The Palestinian people... seek to establish their independent state with al-Quds al-Shareef as its capital on all territories occupied in 1967 and to secure the right of return for the refugees and to liberate all prisoners and detainees...

Does this mean that the plan accepts a two-state solution as much of the media claims? According to the Washington Institute for Near East Policy:

There is no explicit statement in the accord that establishing a state within the pre-1967 borders would end Palestinian claims over Israeli territory. In fact, vagueness on two critical points of the document suggest that it can also be viewed as another iteration of the Palestinian Liberation Organization's (PLO) 1974 phased plan that declared a willingness to accept the establishment of a national authority in any part of historic Palestine as a step toward "completing the liberation of all Palestinian territory":

First, the national accord advocates "the right of the refugees to return." By not specifying where the Palestinian refugees would return to... it is just as likely that signers of the accord favor (them) returning to Israel, the equivalent of advocating a one-state solution (which would include all of Israel in an Islamic State).
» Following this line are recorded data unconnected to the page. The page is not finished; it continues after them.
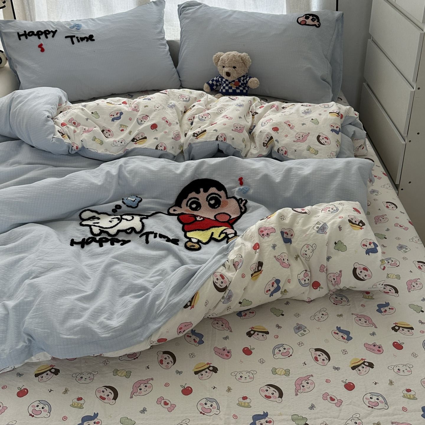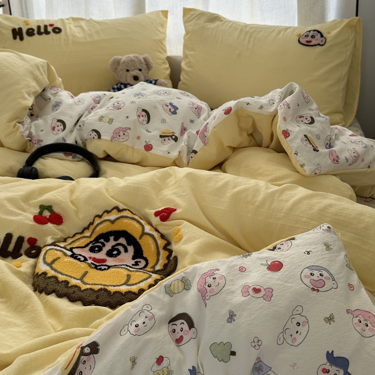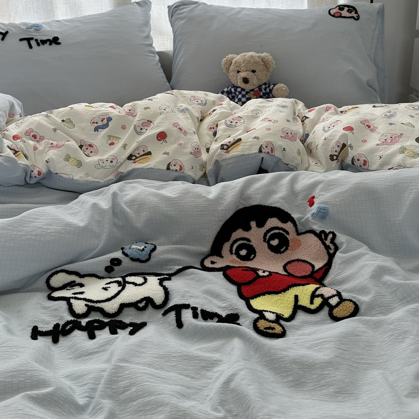 Главная страница > Повседневное мультяшное полотенце для девочек, милое полотенце Crayon Shin-chan, вышитое, стиранное хлопковое постельное белье из четырех предметов, студенческий комплект из трех предметов 4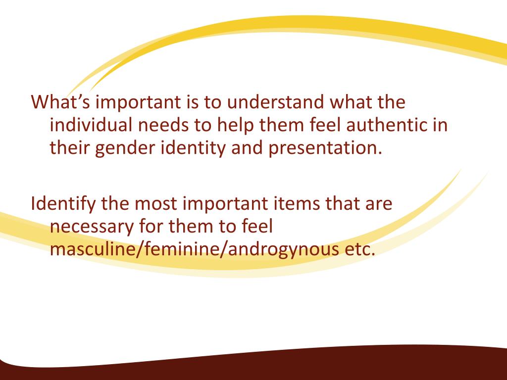 What’s important is to understand what the individual needs to help them feel authentic in their gender identity and presentation. Identify the most important items that are necessary for them to feel masculine/feminine/androgynous etc.
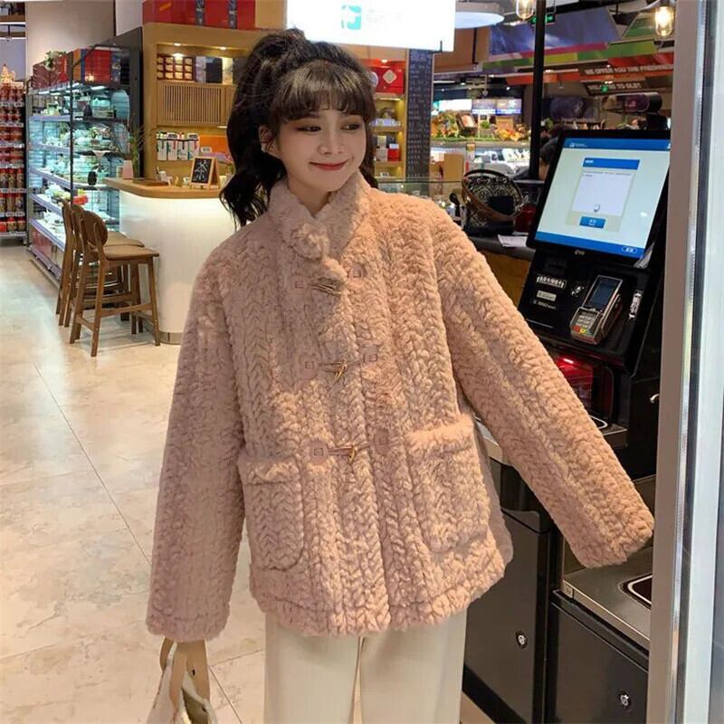 送料無料 Gidyq ストリートウェア女性ラムジャケット秋の ed ボタンルーズコートすべて一致ポケットセーター オータム 秋物 AE008077666071480646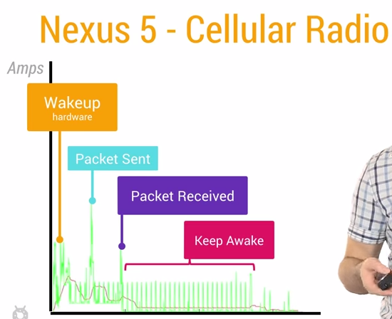 通常情况下,使用3G移动网络传输数据,电量的消耗有三种状态: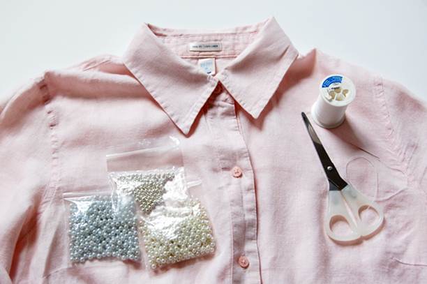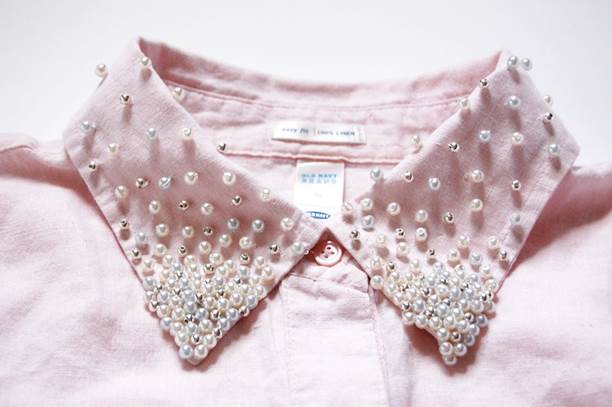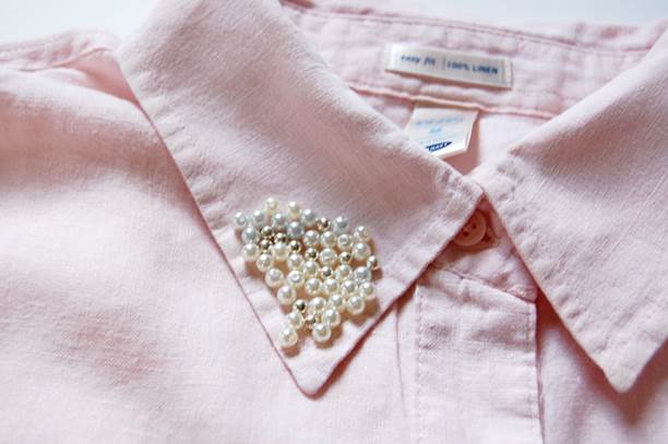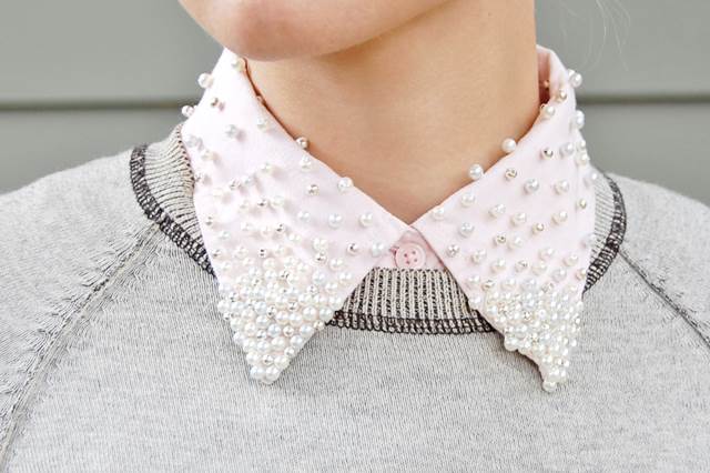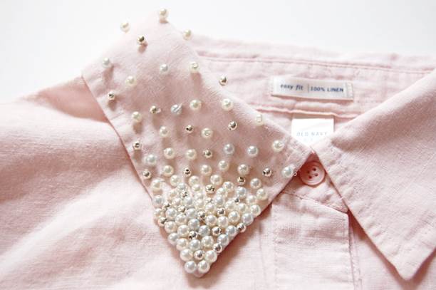 Per prima cosa distribuite le perle sul colletto della camicia per decidere quale schema seguire. Ad esempio, potete ricoprire completamente il colletto oppure solo la punta.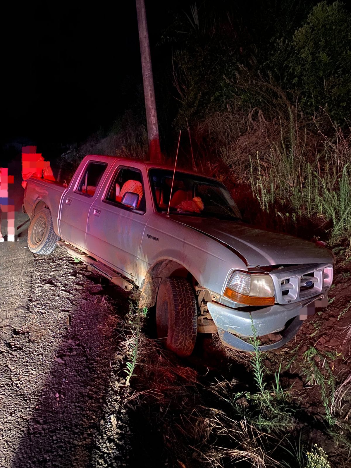 No local os socorristas constataram uma saída de pista, seguida de colisão em barranco, de uma Ford Ranger.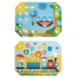 Štyri farebné šnúrky a perforované karty rozvíjajú sústredenie, vytrvalosť a kreativitu pri tvorbe vlastných vzorov.

Second, the national accord does not condemn violence, but actually supports "concentrating resistance in the territories occupied in 1967."

The plan does not limit Palestinian claims, nor does it reject violence, either within pre-1967 Israel or elsewhere. While the media is currently drawing a great deal of attention to this plan based on Hamas' opposition to it, readers should point out to their local media that in reality, the plan breaks little new ground.

Barghouti's 'offer' isn't much of an offer at all.


At 10:35 PM, Blogger NormanF said...

True enough. The post Abbas generation of Palestinian leaders is if anything more extremist and anti-Israel than the one to which Abbas belongs.

I don't see Israel reaching an agreement with the Palestinians - if by that one means true peace - in my lifetime.